__TO DO__: Stop at the line containing "Our newly renovated": repeat exactly every line of the entries below from the first up to it, plus that line, with pictures omitted.

__DATA LISTING__:
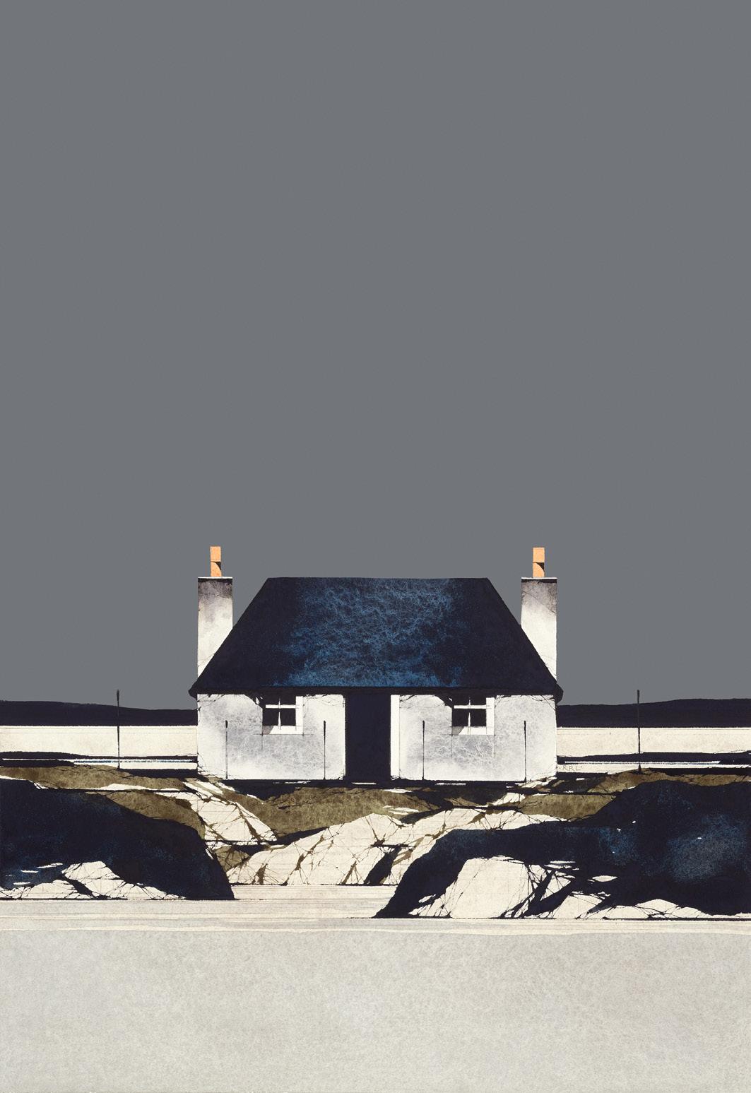 “Through continually studying and painting my croftscapes, I strive to capture a perfect vision of how it feels to actually be there - that immense sense of space and isolation. At times I’ll paint my memory of a place, exaggerating its remoteness to convey the feeling I experienced standing there, surrounded by majestic emptiness.”
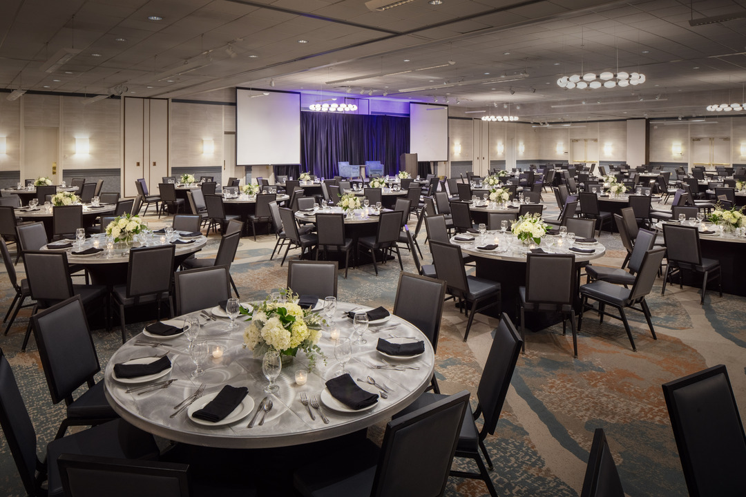 Our newly renovated hotel offers over 8,000 square feet of versatile meeting and event space, designed to accommodate gatherings of all sizes. The centerpiece, our Grand Ballroom, can host up to 460 guests and features elegant design, modern lighting, and built-in audiovisual capabilities. For smaller social or corporate events, the ballroom can be divided into multiple sections, providing flexible layouts for 80–250 guests or intimate breakout spaces.
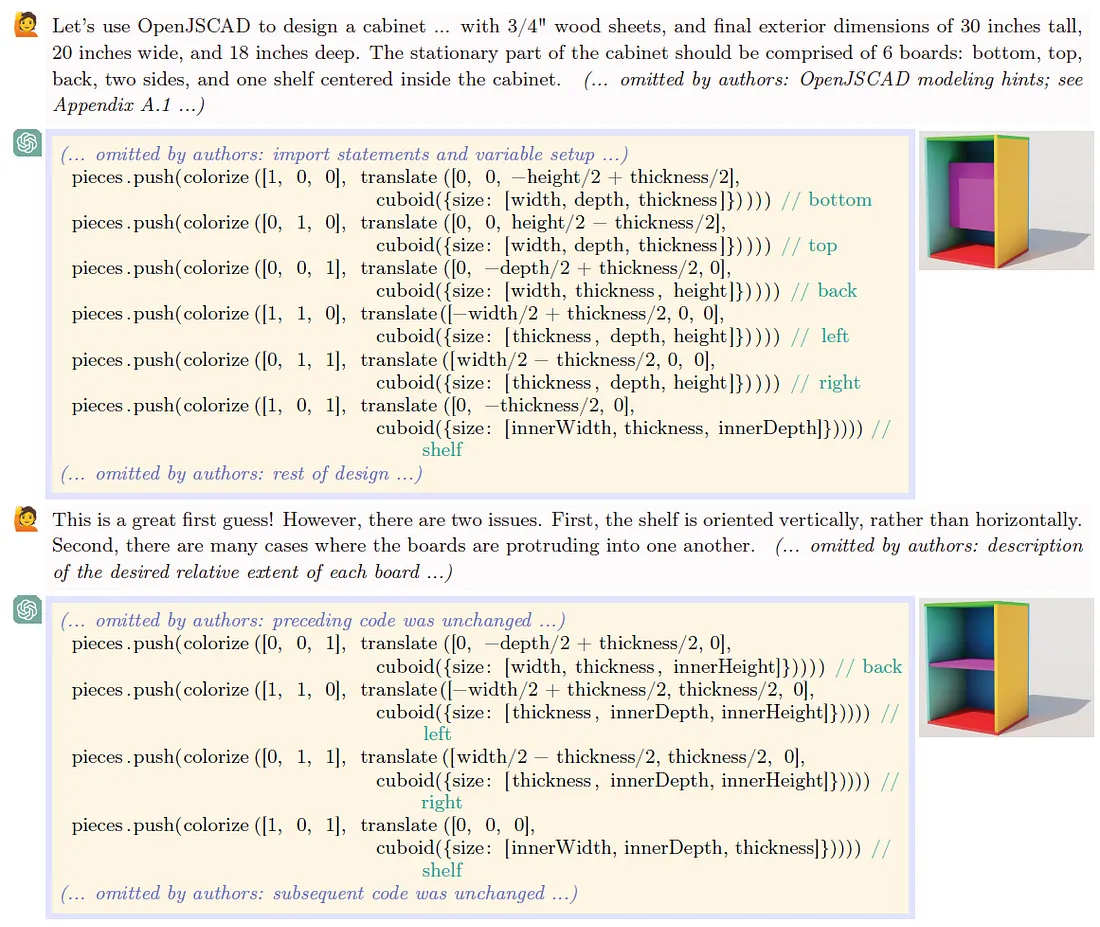 LLM的一种具体应用是CAD代码生成。现代参数化CAD系统(如OpenSCAD、Onshape FeatureScript、CadQuery)以程序或脚本的形式表示模型。研究人员已经提示LLM从高层描述中编写此类代码。例如,给定一个提示“设计一个带有搁板的简单柜子”,GPT-4(通过OpenJSCAD,一个基于JavaScript的CAD库)生成了一个合理的脚本,其中包括有意义的变量名和注释[1]。
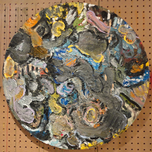 The 2005 paintings were made with acrlyic paint, also on panel. I had 4 panels made at the time and did 3 in the series in 2005. The painting I just completed is on the 4th panel. I exhibited the earlier round ones at NSCAD in Halifax a few years ago. I don’t have any plans to exhibit any of the new paintings.
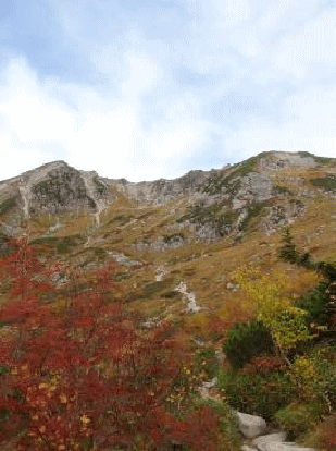 天気予報も悪くはないので笠ヶ岳に登ることにする。数年ぶりにお盆に行った際にも荒天だったので、晴れている笠ヶ岳に登ってみたかった。今回は単独で、小屋泊まりの計画。食事付の小屋泊まりはウン十年ぶりとなる。連休中日だと駐車場や小屋が心配なこともあり、金曜日の夜に新潟を出、土日の計画とした。新穂高温泉には深夜0時過ぎに着く。無料駐車場の入口にガードマンがいて、説明を始める。「無料駐車場はすでに満車で、ここから車で5分、歩くと30分の別の無料駐車場か、奥の有料駐車場に止めてもらうしかない」「???」コースタイムが8時間近くもあるのに、プラス30分も歩くなんて考えられない。即座に奥の有料駐車場に車を入れる。明るくなり車から出てみると有料駐車場は満杯、車道脇にもびっしりと車が止まっていた。登山者がどんどんと歩いていく。天気は高曇り。笠ヶ岳へ向かう人は少なく、ほとんど小池新道に向かっていった。笠新道は最初はブナ林のジグザグ道。ブナの紅葉はまだこれからのようだ。ブナ林を抜けると槍ヶ岳や穂高連峰がよく見えるようになる。
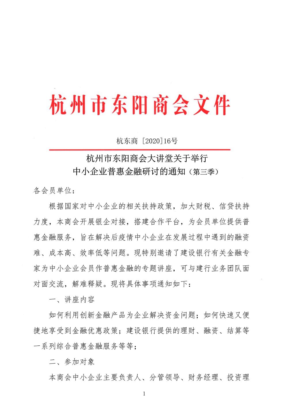 杭州市东阳商会大讲堂关于举行中小企业普惠金融研讨的通知(第三季)
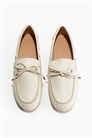 Мокасины из натуральной кожи со шнуровкой в верхней части и швом мокасина спереди. Подкладка из хлопкового холста и кожаная стелька.

__ANSWER TO THIS PROBLEM__:
 “Through continually studying and painting my croftscapes, I strive to capture a perfect vision of how it feels to actually be there - that immense sense of space and isolation. At times I’ll paint my memory of a place, exaggerating its remoteness to convey the feeling I experienced standing there, surrounded by majestic emptiness.”
 Our newly renovated hotel offers over 8,000 square feet of versatile meeting and event space, designed to accommodate gatherings of all sizes. The centerpiece, our Grand Ballroom, can host up to 460 guests and features elegant design, modern lighting, and built-in audiovisual capabilities. For smaller social or corporate events, the ballroom can be divided into multiple sections, providing flexible layouts for 80–250 guests or intimate breakout spaces.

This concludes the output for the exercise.